Data excerpts
* * * * *

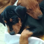 Двомісячні цуценята рудий хопчик та чорняво-підпала дівчинка породи німецький пінчер стандартний. Доросла собака 45 см у холці, це менше добермана але більше карликового пінчера. Вакцинації зроблені. Документи щенячий родовід готові. Порода короткошерстна, ладна до дітей. Батьки Чемпіони України. *** Оля - 0674968647 |
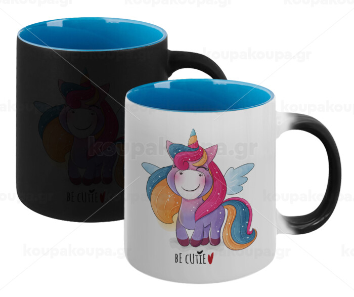 Μονόκερος, Κούπα Μαγική εσωτερικό μπλε, κεραμική 330ml που αλλάζει χρώμα με το ζεστό ρόφημα
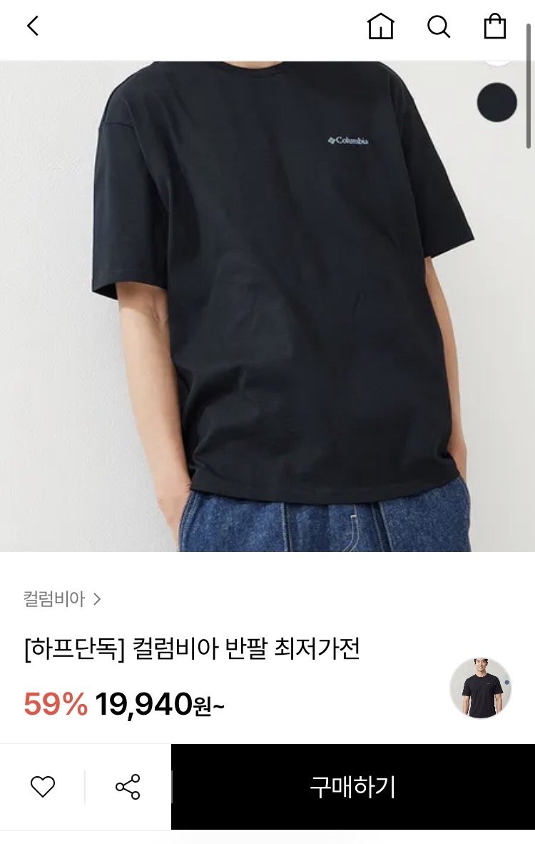[하프클럽]컬럼비아 익스플로워 캐넌 백 반팔티셔츠 (19,940원/3,000원)
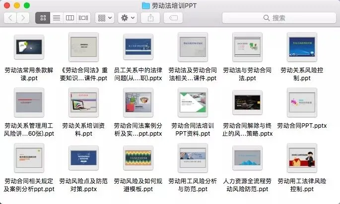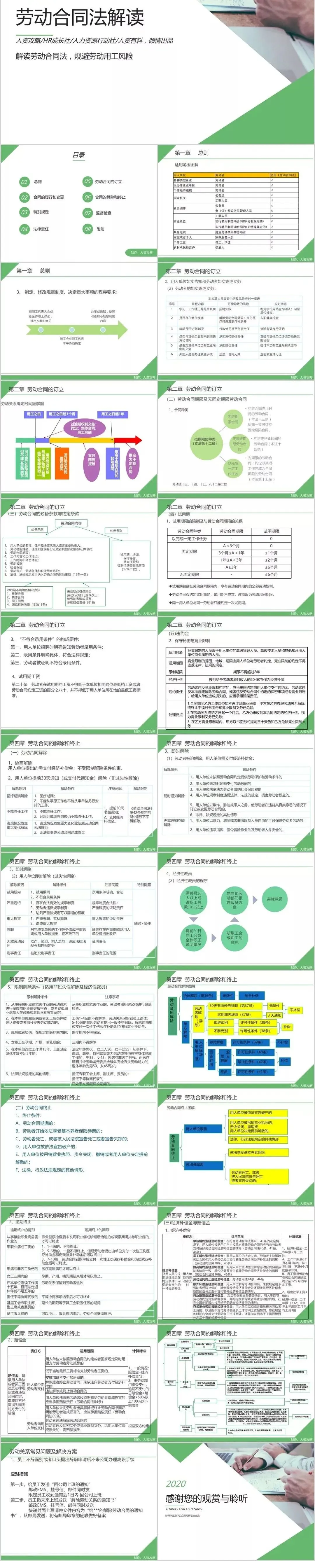 18套PPT,内容贯穿员工入职到离职全流程,覆盖劳动法、劳动合同法、劳动风险防范等内容。部分PPT多达100多页,适合自学提升,也适合内部培训使用。
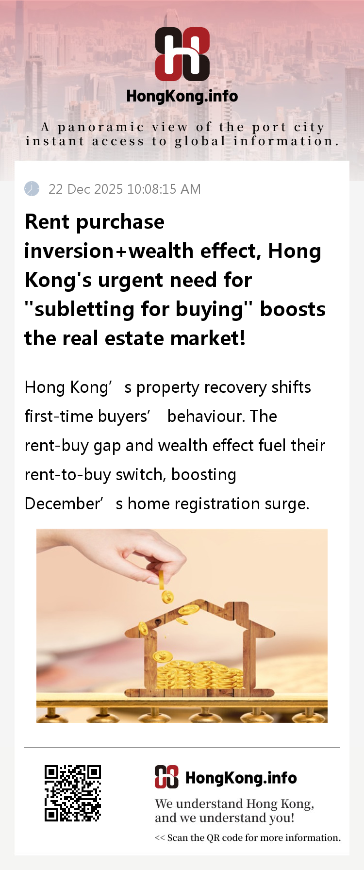 Against the backdrop of Hong Kong's property market recovery, first-time buyers' purchasing behaviour has shifted. The intensifying rent-to-buy disparity coupled with the release of wealth effects has driven first-time buyers to ‘switch from renting to buying’, becoming the key driver behind December's surge in residential property registrations.
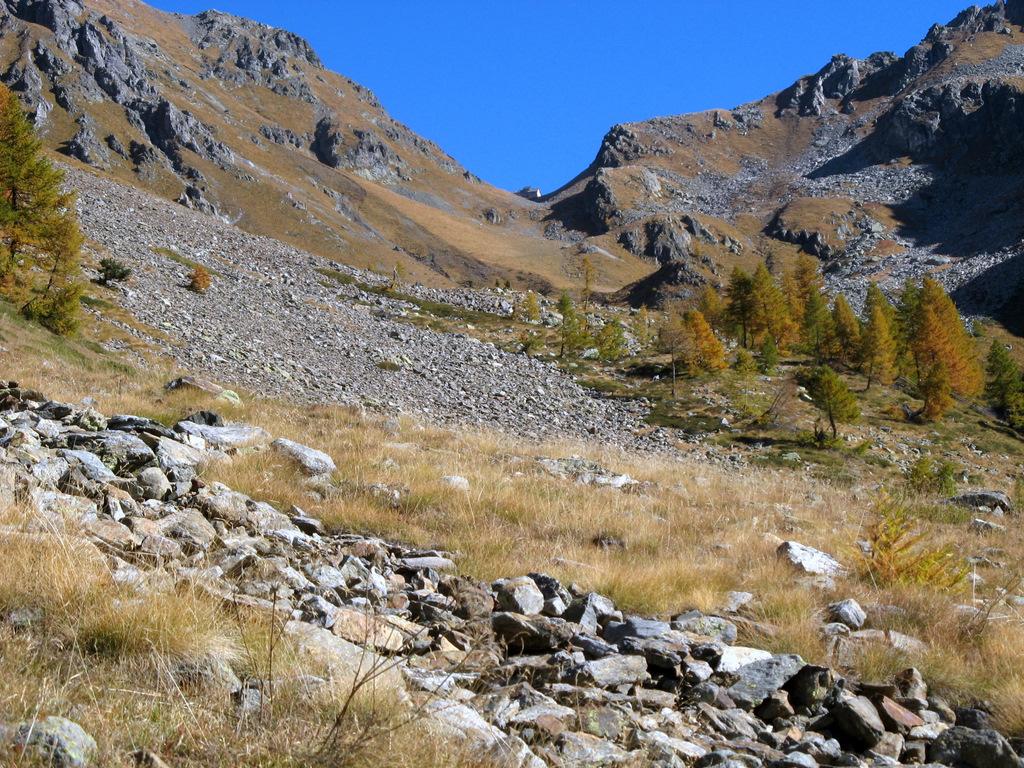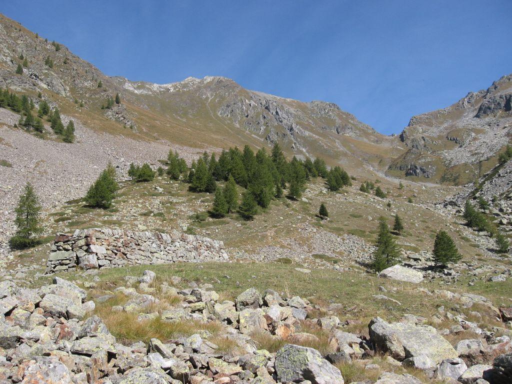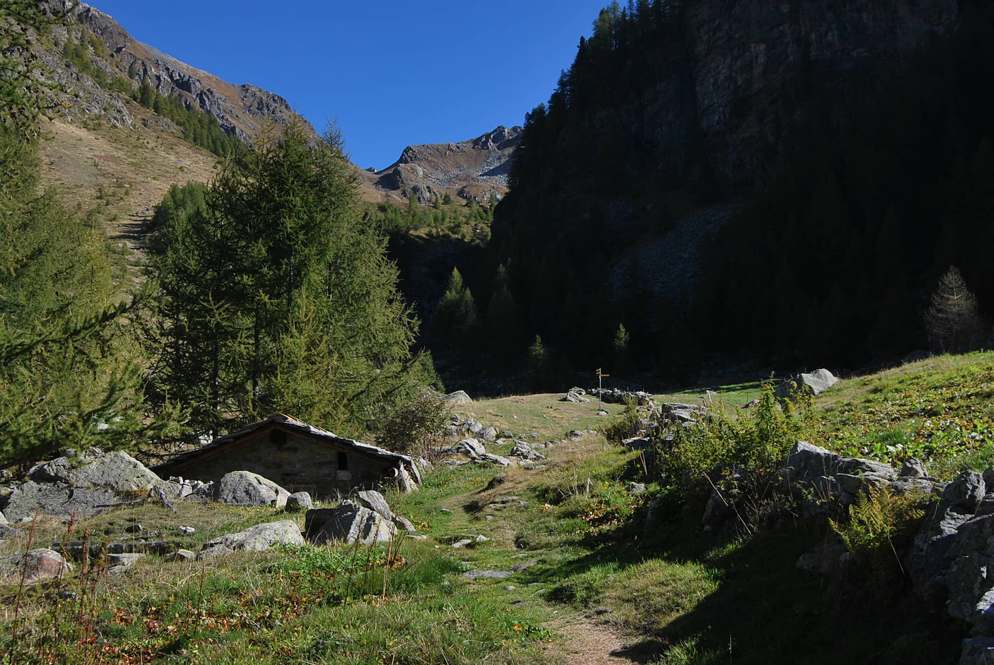 Al termine del canalone la pendenza si attenua e si transita accanto ai ruderi di alcuni casolari. Successivamente si attraversa un’altra fascia di bosco oltre la quale si tocca l’alpeggio Cialfrezzo di sotto (m 1900, ore 1,45).
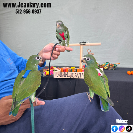 Incredibly sweet and fully trained White capped pionus babies ready now for their forever homes. They are weaned on a healthy diet of organic pellets and vegetables. All our babies are very well socialized, tame and sweet. Please visit our website for full detailed info on these babies -- www.Jcaviary.com-- Please call us to reserve your baby !! 512-956-0937 - Shipping available via Delta Airlines-- All babies are DISEASE TESTED and come with avian vet documents as well. (Deposit: $1500 required to reserve each baby) Videos available on Facebook: https://facebook.com/jcaviary

* * * * *

Problem description
A faithful copy of the data is required: each word kept, each picture omitted.

Exercise answer
 Двомісячні цуценята рудий хопчик та чорняво-підпала дівчинка породи німецький пінчер стандартний. Доросла собака 45 см у холці, це менше добермана але більше карликового пінчера. Вакцинації зроблені. Документи щенячий родовід готові. Порода короткошерстна, ладна до дітей. Батьки Чемпіони України. *** Оля - 0674968647 |
 Μονόκερος, Κούπα Μαγική εσωτερικό μπλε, κεραμική 330ml που αλλάζει χρώμα με το ζεστό ρόφημα
[하프클럽]컬럼비아 익스플로워 캐넌 백 반팔티셔츠 (19,940원/3,000원)
 18套PPT,内容贯穿员工入职到离职全流程,覆盖劳动法、劳动合同法、劳动风险防范等内容。部分PPT多达100多页,适合自学提升,也适合内部培训使用。
 Against the backdrop of Hong Kong's property market recovery, first-time buyers' purchasing behaviour has shifted. The intensifying rent-to-buy disparity coupled with the release of wealth effects has driven first-time buyers to ‘switch from renting to buying’, becoming the key driver behind December's surge in residential property registrations.
 Al termine del canalone la pendenza si attenua e si transita accanto ai ruderi di alcuni casolari. Successivamente si attraversa un’altra fascia di bosco oltre la quale si tocca l’alpeggio Cialfrezzo di sotto (m 1900, ore 1,45).
 Incredibly sweet and fully trained White capped pionus babies ready now for their forever homes. They are weaned on a healthy diet of organic pellets and vegetables. All our babies are very well socialized, tame and sweet. Please visit our website for full detailed info on these babies -- www.Jcaviary.com-- Please call us to reserve your baby !! 512-956-0937 - Shipping available via Delta Airlines-- All babies are DISEASE TESTED and come with avian vet documents as well. (Deposit: $1500 required to reserve each baby) Videos available on Facebook: https://facebook.com/jcaviary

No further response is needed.